Are you not from UK? You are not part of EU.


Worrying in what sense?


As an EU citizen, it does not sit well with my idea of a free democratic society to ban an interest group from making representation just because they refuse to subject themselves to what are little more than "show trials" conducted for politicians' own benefits.

The EU's institutions are on a wrong path, IMHO.


It's only the second time in history that a lobbying entity is banned. Second time since Monsanto in 2017. That's not a "path". Source: the first paragraph of the article.

This has nothing to do with "show trials". If you hold 14 lobbying badges and do not respect the European Parliament's Employment Committee's repeated requests to discuss important matters of employment in the European Union, then Amazon is really showing contempt for the lawmakers and the European institutions.

It's very understandable why they are talking about a "red line" here: If a company of the size and importance of Amazon refuses to sit down with lawmakers and discuss problems caused by their commercial activities on a European-wide scale, then they're not showing the kind of social and political responsibility that's fair to require from a corporation with direct access to European lawmakers.

The decisive body seems to agree:

> all quaestors were in favour of authorising the secretary general to withdraw their long-term access badges

There's more detail here:

https://www.politico.eu/article/amazon-lobbyists-face-ban-fr... https://euobserver.com/digital/158150


They wouldn't have been banned if they were present when required, right? What should be the rules then, they can pick and choose when they are present because it's convenient to them or should they be around when it's also not in their interests but in the interest of the EU?

Almost every political action is for politicians' benefit, that's the whole incentive, it's unfortunate because I'd prefer a world where politicians just do the right thing but we can't have a political system that depends on the morality of everyone involved to do the right thing.


Reading between the lines, there is likely no legal obligation for Amazon to attend those hearings, which again sound like Soviet show trials against them for purely political and ideological reasons.

Again, if Amazon has been breaking the law in their warehouses that's the job of the courts and employment tribunals.

The EU Parliament has been going from bad to worse over the years, it's now just ideology and populism.
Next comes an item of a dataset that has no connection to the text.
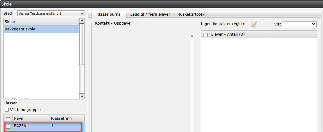 Klassetrinnet oppdateres automatisk hvert år den 1. august, slik at informasjonen samsvarer med skolestart. Klassejournalen viser oversikt over alle kontakter som er gjennomført i klassen, mens elevlisten og elevantallet oppdateres i takt med at nye elever knyttes til klassen.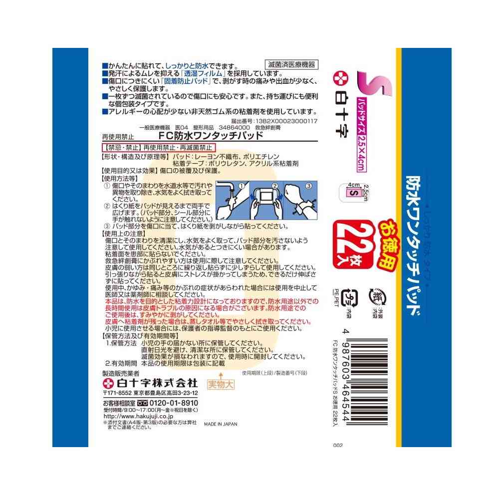 - > 白十字 FC 防水ワンタッチパッド S お徳用 22枚

Instead of using Amazon as punching ball they should rather ponder why the EU economy and EU companies are falling behind...


> Instead of using Amazon as punching ball they should rather ponder why the EU economy and EU companies are falling behind...

Probably because it's not a free-for-all on who makes more money with no accountability to 2nd and 3rd order effects on society. If we care about citizens' wellbeing before profits there are many things that become less profitable and/or competitive than in places with less safeguards against corporations damages.


> If we care about citizens' wellbeing before profits

That's a meaningless slogan and not mutually exclusive.

Ultimately without profits and a productive economy the citizens' wellbeing will become unaffordable and take a nosedive. This is already happening throughout Europe.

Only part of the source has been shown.